The woman's dark complexion turned pale and her body in shock was unready for self preservation. I loomed over her with a knife in my hand as cold practicality settled in. It only took one kill for me to think about murdering a woman. To eliminate the final witness.

I got on top of her and held the knife over her throat. The belated fear came, and a scream escaped from her lips, triggering something in me—an image of the one I adored, with a monster looming above her, donning my face.

I dropped the knife, overwhelmed by a visceral wave of repulsion, and instinctively distanced myself from her. Panic settled within me like a curtain of frost as I bore witness to the aftermath of senseless violence that unfolded before my eyes and done by my hand.

In desperation I searched for something tangible to anchor myself against the invading panic.

I stumbled here and there, my surroundings a blur of chaos. In the midst of this disarray, my sister, sensing my distress, swiftly approached to provide a tangible anchor in the storm that raged in my heart.

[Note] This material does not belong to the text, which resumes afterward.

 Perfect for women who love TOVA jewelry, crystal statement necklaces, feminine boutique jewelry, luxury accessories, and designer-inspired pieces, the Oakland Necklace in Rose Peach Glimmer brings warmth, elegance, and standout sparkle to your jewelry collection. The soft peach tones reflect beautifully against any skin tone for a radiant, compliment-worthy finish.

Her hand gripped mine and had grounded me, pulling me back from the edge of despair.

No words were said, no blame was imposed for the violence unleashed was an act of a mind too pained and ruined by unpunished evil.

"They t-took her from us. They t-took her from us, but she still lingers. I still s-see her. She d-doesn't go away. Why? Why? I k-killed them, I set her free, but why?" I p-put all of us in jeopardy, I... I..."

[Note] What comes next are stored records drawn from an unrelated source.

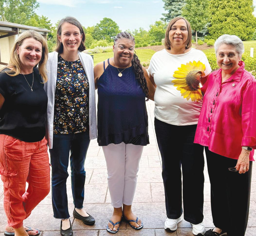 p (PHOTO) Five Mount besties gathered in Somers Point in mid-July. From left to right: Barbara Coupe Bernal ’78, Maureen McCrudden Foley ’79, Michele McKeon Foley ’79, Ellen Riley Biel ’78, and Eileen Foley McCrudden ’79
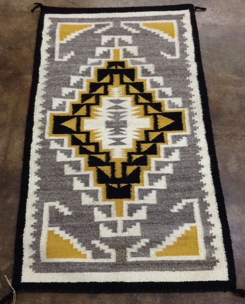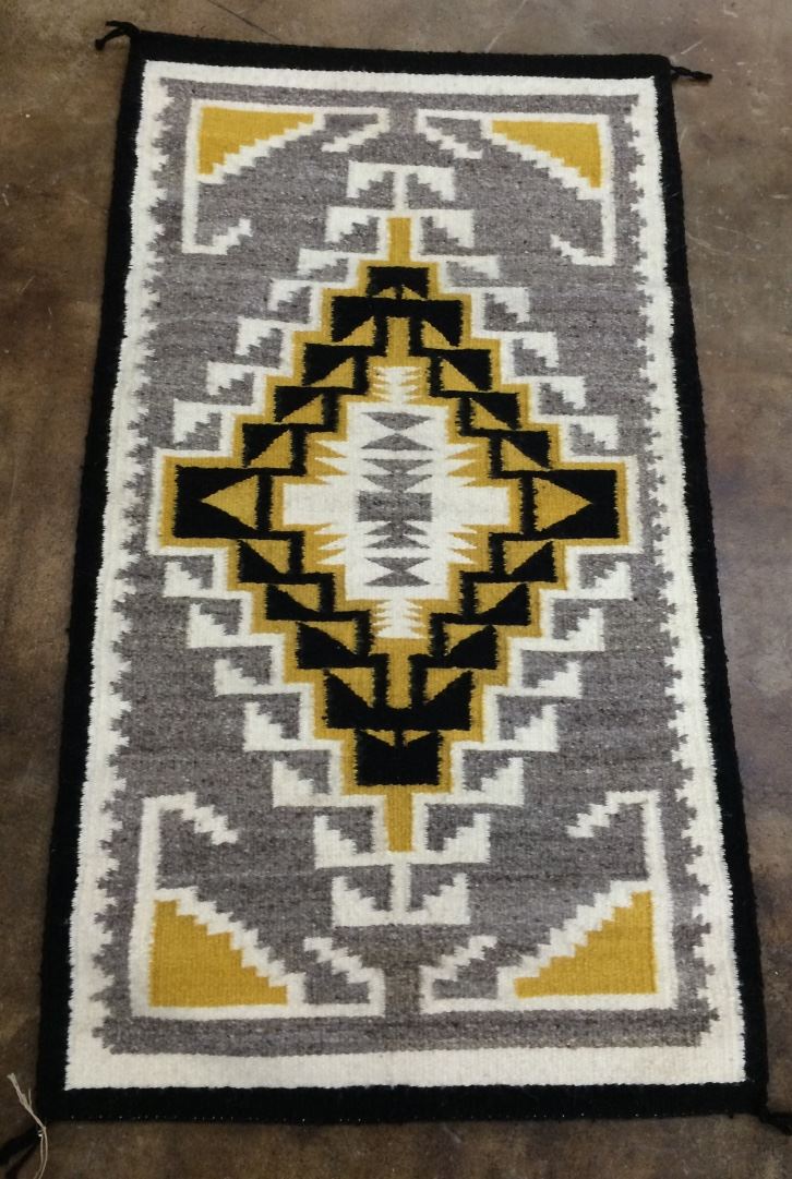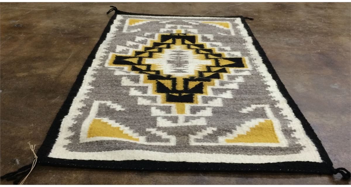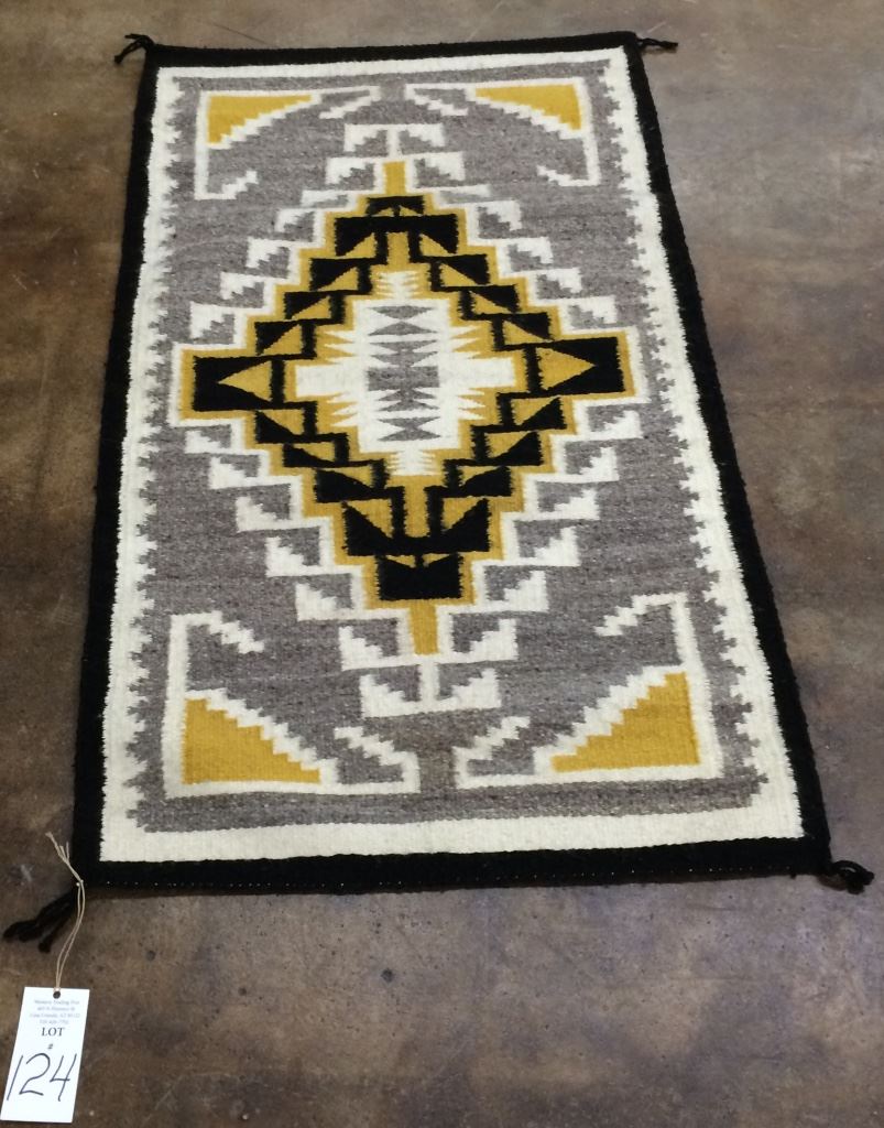 This older Two Grey Hills Navajo textile is in pretty good condition for its age. Please look at pics. Measures 25.5” X 45” overall. Shipping: There will be a $7 handling / packaging fee for shipping this lot. The actual cost of postage will be added on top of that.
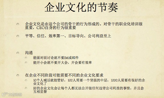 企业文化其实是一个逐步形成的东西,很难从外部迁移进来,不是请两个讲师讲一讲就形成了企业文化,这是非常困难的。企业文化是由组成的人形成的,尤其是CEO自己就代表企业文化。说实在的,我也不是什么专家,(但)我觉得企业文化非常重要。尤其在公司快速成长(的时候),十个人以内不需要企业文化,一百个人的时候可能需要,一百个人至少有一点骨干开始解决这些人的沟通方式。到一千个人以上的时候,没有企业文化发现是一团糟。
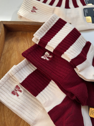جوراب نیمساق گلدوزی پاپیون با تم زرشکی🎀

I shushed her and drew her into a hug, suppressing my tears, assuming the role that I had so evaded. The death of our sister was something I coped with aversion, but Devika faced it head-on, and that broke her.

I needed to protect her—no matter what—and so the death of my reluctance came.

I took her hand, gripping it tight. I said, "Devika, you did not put us in jeopardy. This is my failure. Mine alone. It is not your fault. It is not your fault."

I kissed her forehead. "You did nothing wrong. Do not blame yourself for it. They did this to you. They broke you and brought this upon themselves,'

I wiped the tear from her eye. 'We will live through this. I promise you that I will not make the same mistake ever again. I will be the anchor you've been to me."

Glancing around, I realized the woman had disappeared into the night. "We need to go!" I hissed, hastily grabbing Devika's hand. I rushed through the front door and into the dimly lit alley.